Speaking of anxiety though, worrying about future events more often than not just creates unnecessary anxiety. While it is important to plan and be prepared, there is a limit to the effectiveness of this when it takes away from the enjoyment of the present. It is better to remind yourself of ways you are prepared for and tools you have to handle any concerning situations in the future, and then focus back on the present. It can be challenging to train your mind to pay attention to only what’s happening now, or only one issue at a time, but it can be very beneficial to do so.

So how is this accomplished? Try just these few steps this week as a starting point.

  • First – wait for it – breathe. Yes, breathe. Nice and slow, in through your nose and out through the mouth. Remember that slowing down your breathing calms your nervous system, allows you to relax, and provides an oxygen boost which improves mental focus.

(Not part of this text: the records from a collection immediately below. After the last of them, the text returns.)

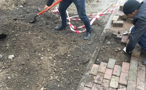 10 апреля по поручению ГУ «Отдел КХ, пассажирского транспорта и автомобильных дорог города Караганды», ремонтная бригада ТОО «Сапа Жол Строй» сделала новую насыпь и заново уложила брусчатку на проблемном участке пешеходной дорожки.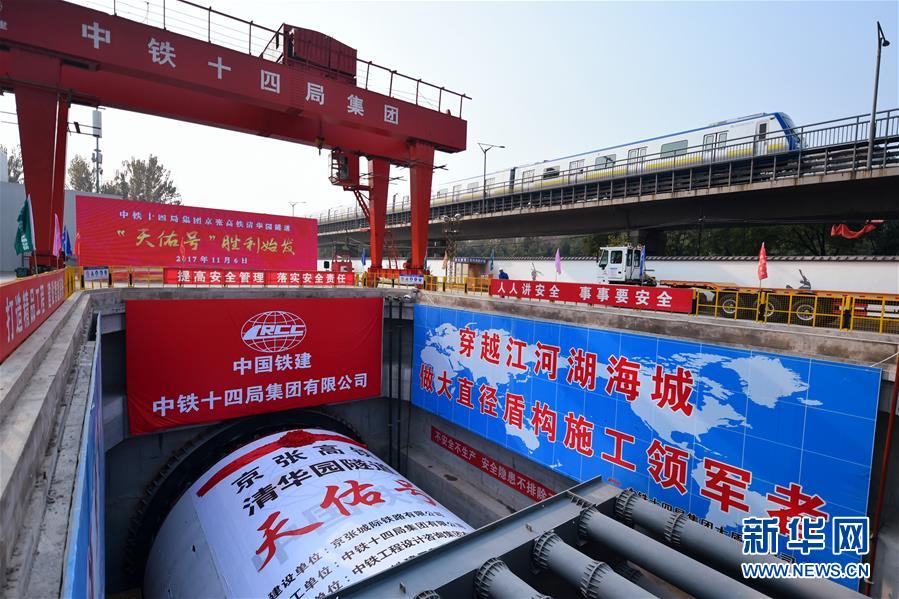 京張高鐵清華園隧道“天佑號”盾構機始發掘進(2017年11月6日攝)。新華社記者 張晨霖 攝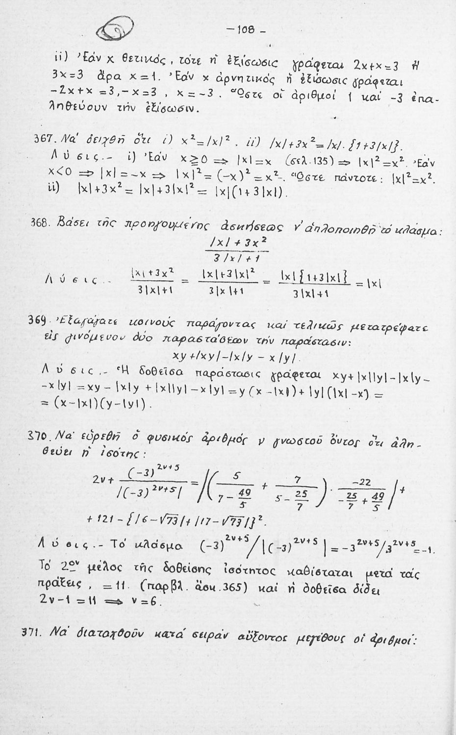 Σχολικό εγχειρίδιο Μαθηματικών Γυμνασίου που είναι χωρισμένο σε θεωρήματα, παραδείγματα και ασκήσεις και περιλαμβάνει στοιχεία Ανώτερης Άλγεβρας και Μαθηματικής Ανάλυσης.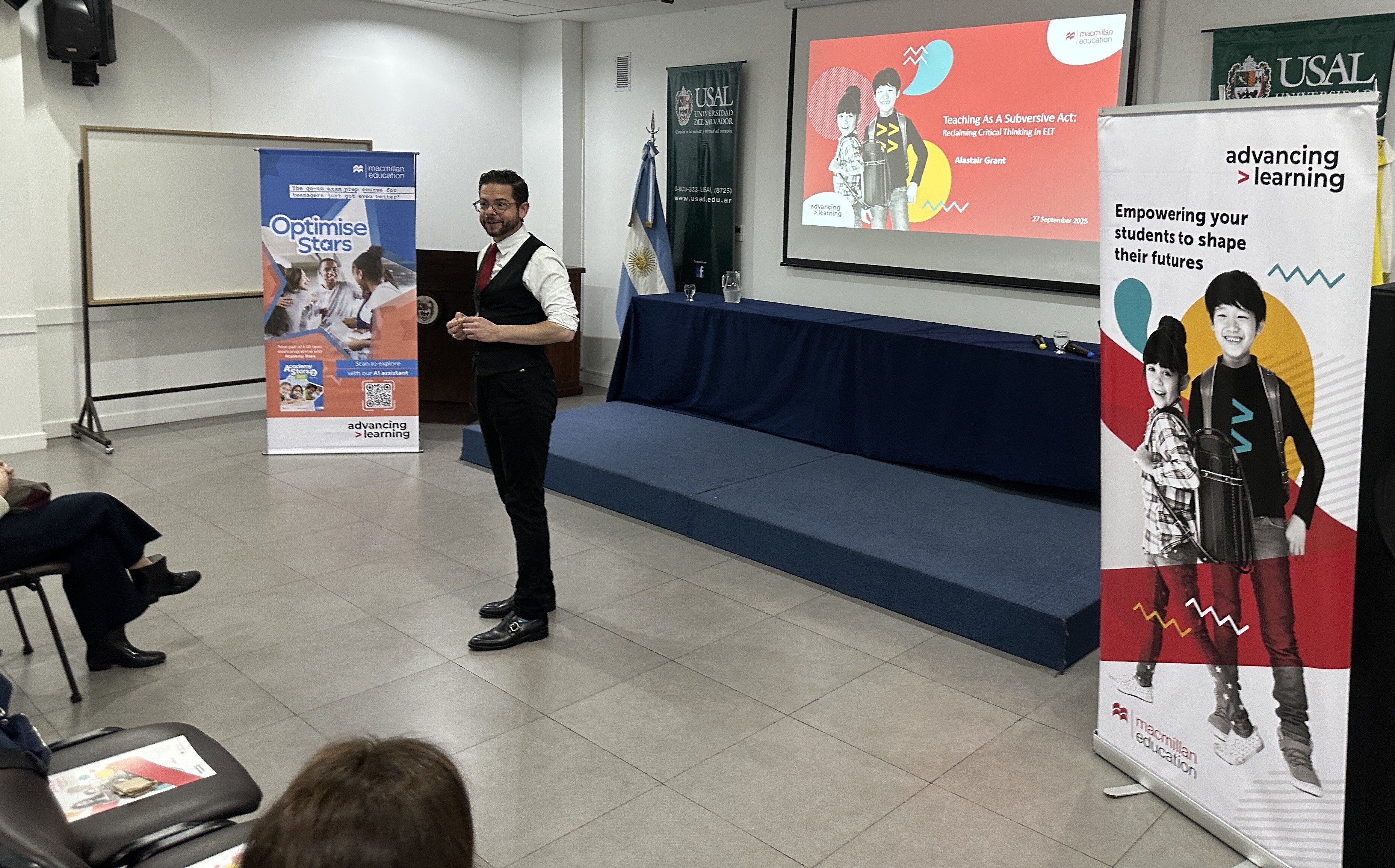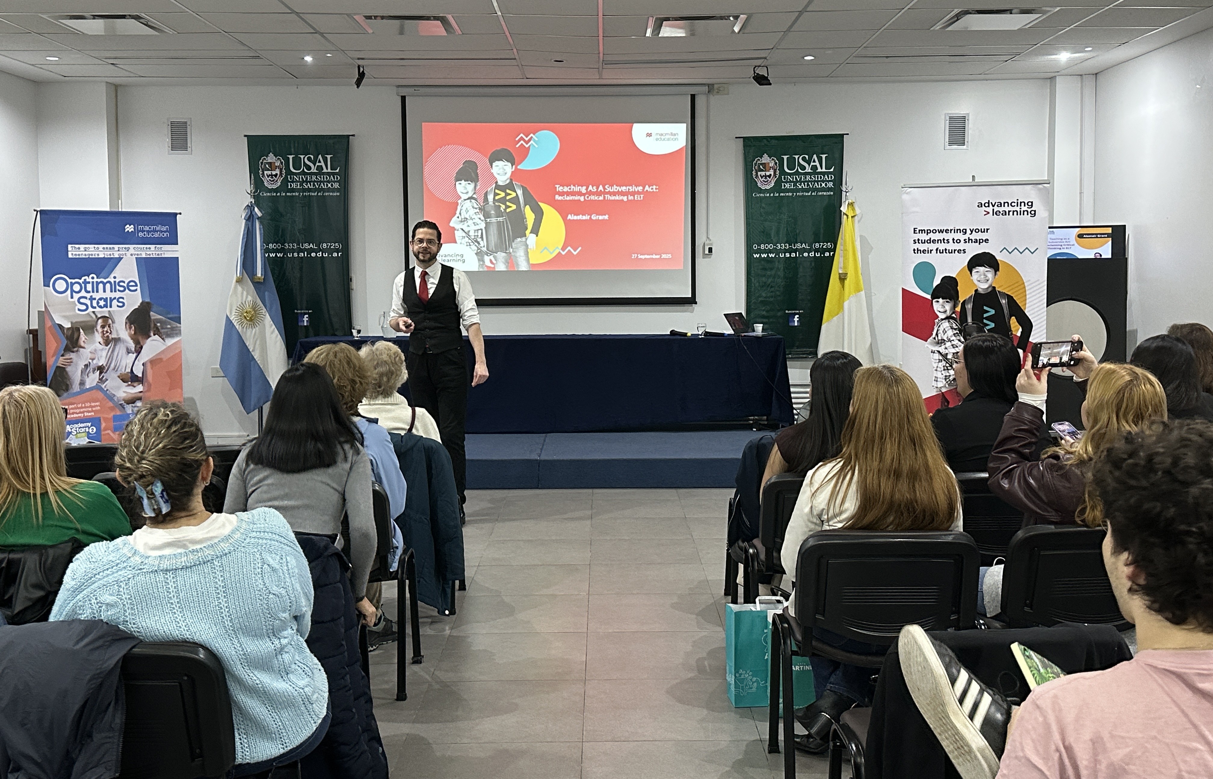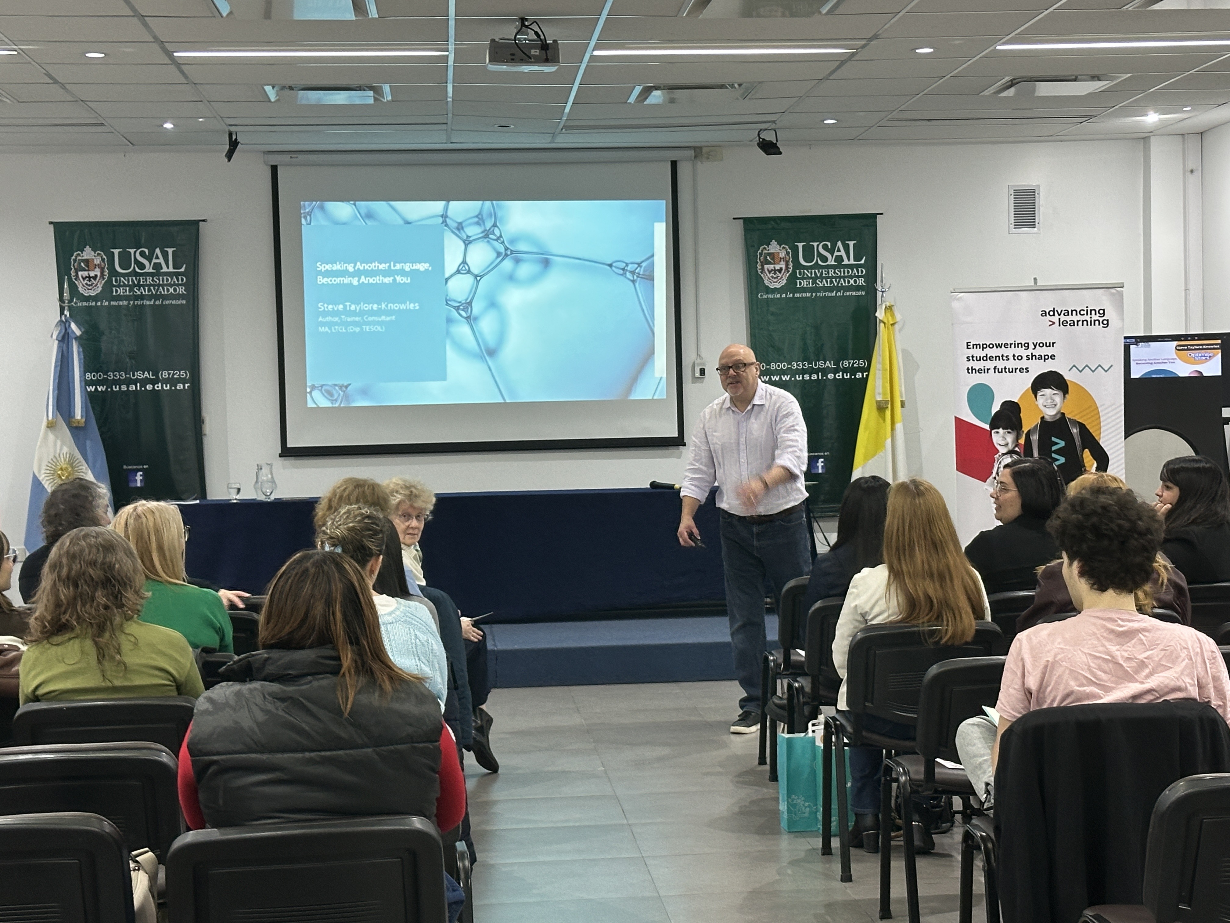 El sábado 27 de septiembre Steve Taylore-Knowles, autor inglés de la serie Optimise Stars de Macmillan Education y experto en exámenes internacionales, presentó su charla «Speaking Another Language, Becoming Another You», en la jornada para profesores de inglés, organizada por Macmillan Education Argentina, en la Escuela de Lenguas Modernas de la Universidad del Salvador (USAL). El prof. Taylore-Knowles ya había visitado la USAL en septiembre de 2017, oportunidad en la que se refirió a las habilidades que permiten a los alumnos enfrentar desafíos con flexibilidad, adaptabilidad y confianza en sí mismos, y adecuarse más a los perfiles laborales que van de la mano del desarrollo de sus competencias en el idioma.

  • Pay attention to your surroundings. What do you notice? Listen to the sounds you hear, notice any smells, and just observe. This is particularly useful to practice if you are outside where you can be immersed in nature.

  • Prioritize. Is there something you really have to do this moment? If so, attend to it, but only that one thing. You don’t have to stop a necessary activity to be mindful (in fact, the goal is to be mindful in all activities!) If not, then just stay present in the moment observing what’s around you.

  • Notice any thoughts that are going through your mind. Are they helpful thoughts, or are they worries? Try to clear your mind of any thoughts that aren’t necessary. When I do this, I like to imagine a little ship in the ocean that I place the extra thoughts on and watch them float away. It works for me, maybe it will work for you too. Do that repeatedly until you feel your mind clear.

  • Put down your phone. Avoid scrolling mindlessly or checking for messages, that will just add clutter to your thoughts. If you notice that you feel anxious when you actively disengage from technology for a bit, realize that this is common and just recognize the emotion. Name your emotion as well. Saying to yourself "I am feeling anxious" (or distracted, or tense, or sad, etc.) has a different effect than saying "I AM anxious" (or distracted, or tense, or sad, etc.) It helps you to recognize that you are having an emotion, instead of being caught up in the emotion. Remind yourself that any messages or emails or comments will still be there later as well.

  • Focus on your body. Take a quick scan to assess how you’re feeling. Are there any spots of tension or places of stress? Do you need to relax or take a walk? Maybe you’re hungry or thirsty. Tune in to your own needs.

  • Be present. Whatever it is you are doing – or not doing – pay attention only to that. It doesn’t matter if you’re completing a household task or going outside for a walk. Just be present fully in the moment. Enjoy it.

Try that for the next week and see if you notice any changes in your perceptions or how you are feeling. If worries creep into your mind, it’s okay to notice them but don’t let them take hold of your thoughts entirely. I love this image of a person walking with their dog outside. I’ve used it for years to illustrate the concept of mindfulness to people. Notice how the person’s thoughts are full of clutter, and they’re concerned about multiple problems that are not occurring right now. And this is distracting from the activity they’re actually doing. But the dog? That dog’s thoughts are completely focused on enjoying the moment outside with its human.

That’s exactly how we want to teach our minds to be. And it’s very possible, with a little practice. It doesn't mean that difficult events won't occur in the future, but it helps you to enjoy what is happening right now without the potential worry of those events taking away from that experience. Remember to practice being mindful and clearing your thoughts ever day, and it will get easier over time. Hopefully this posts gets you on the path to a calmer, clearer mindset!